Task details =>
Copy nothing but the line with "Le Petit Coq" and the lines that follow it to the end of the entries below, and keep the pictures out.

Data for the task =>
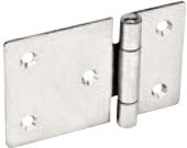
Inox brut, fraisée, asymétrique
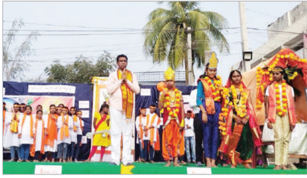
కరీంనగర్, జనవరి 22 (నినాదం స్టూన్) శ్రీరాముడు ధర్మానికి మార్గదర్శకుడని ధర్మ రక్షణకై పాటుపడిన గొప్ప
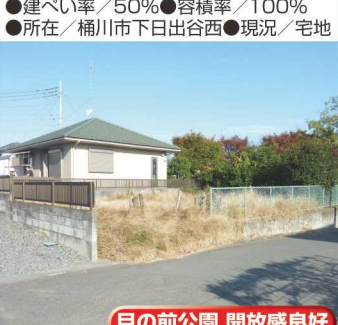
目の前公園 開放感良好

下日出谷西 東南角地 1,980万円 ★建築条件なし ★高台の東南角地 ★区画整理地内 前面道路6m
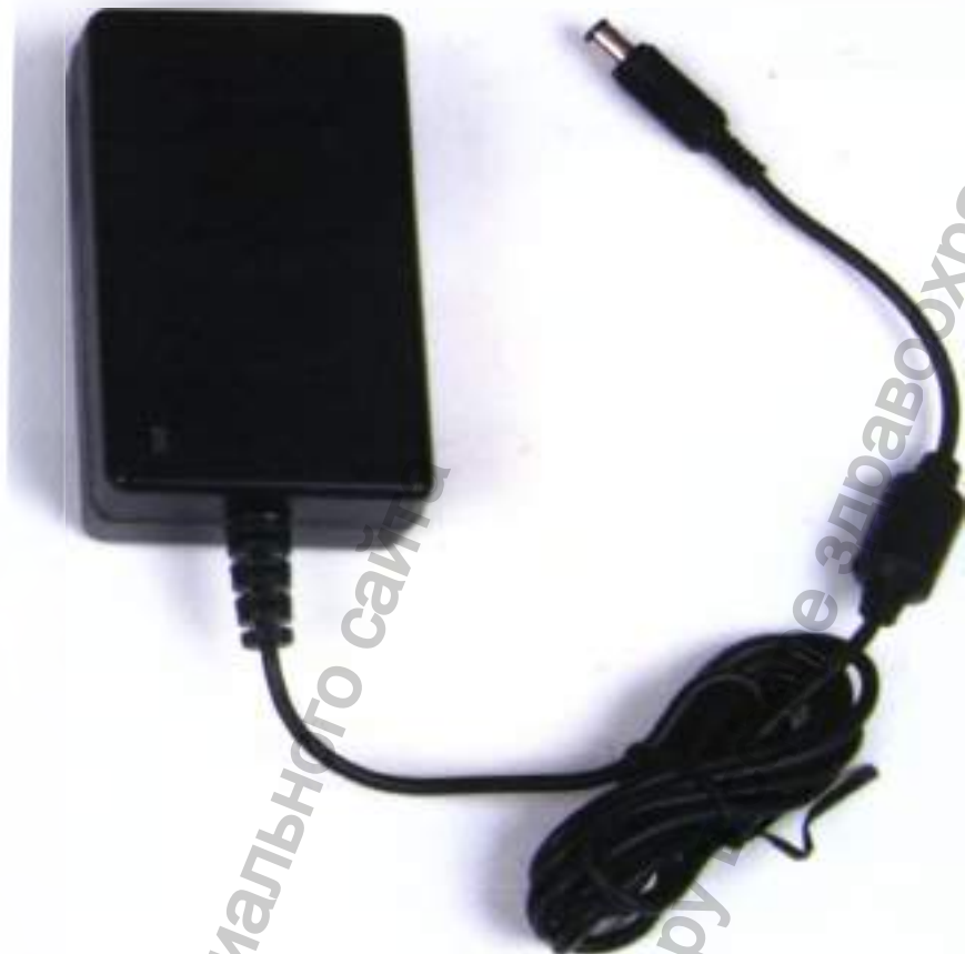
Блок питания «БЦМ-9»

Информация получена с официального сайта Федеральной службы по надзору в сфере здравоохранения www.goszdramnadzor.gov.ru
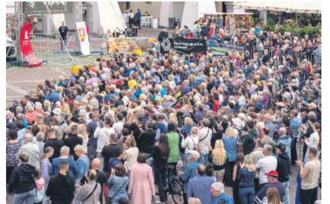
Koncerty na Rynku Wielkim cieszyły się ogromnym zainteresowaniem.
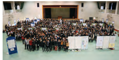
2年生探究チャレンジII
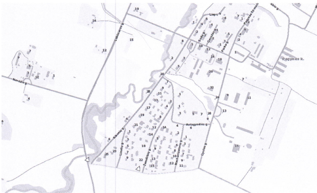
Ženkla Nr. 203 „Duoti keliai“
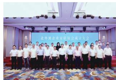
现代服务业联合会会长孙建平,虹口区常委、统战部部长郑宏等出席会议。
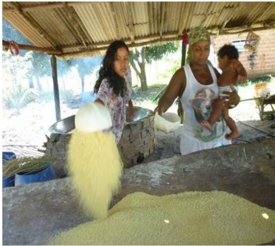
RETIRADA DA FARINHA PRONTA PARA A MACERA
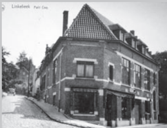
Le Petit Coq
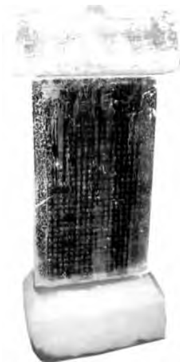
山北村王氏古墓碑
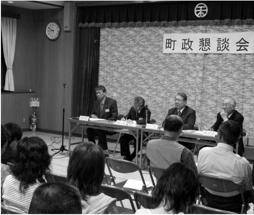
活発な意見が交わされた町政懇談会（5月26日、余部地区公民館）

懇談会では、町長が香美町の町政推進の方針と各区の主要な政策・課題などを説明したあと、参加者と意見交換を行いました。ここに意見の概要を紹介いたします。なお、紙面の都合上、全てのご意見を掲載しておりませんがご了承ください。

Completed task =>
Le Petit Coq
山北村王氏古墓碑
活発な意見が交わされた町政懇談会（5月26日、余部地区公民館）

懇談会では、町長が香美町の町政推進の方針と各区の主要な政策・課題などを説明したあと、参加者と意見交換を行いました。ここに意見の概要を紹介いたします。なお、紙面の都合上、全てのご意見を掲載しておりませんがご了承ください。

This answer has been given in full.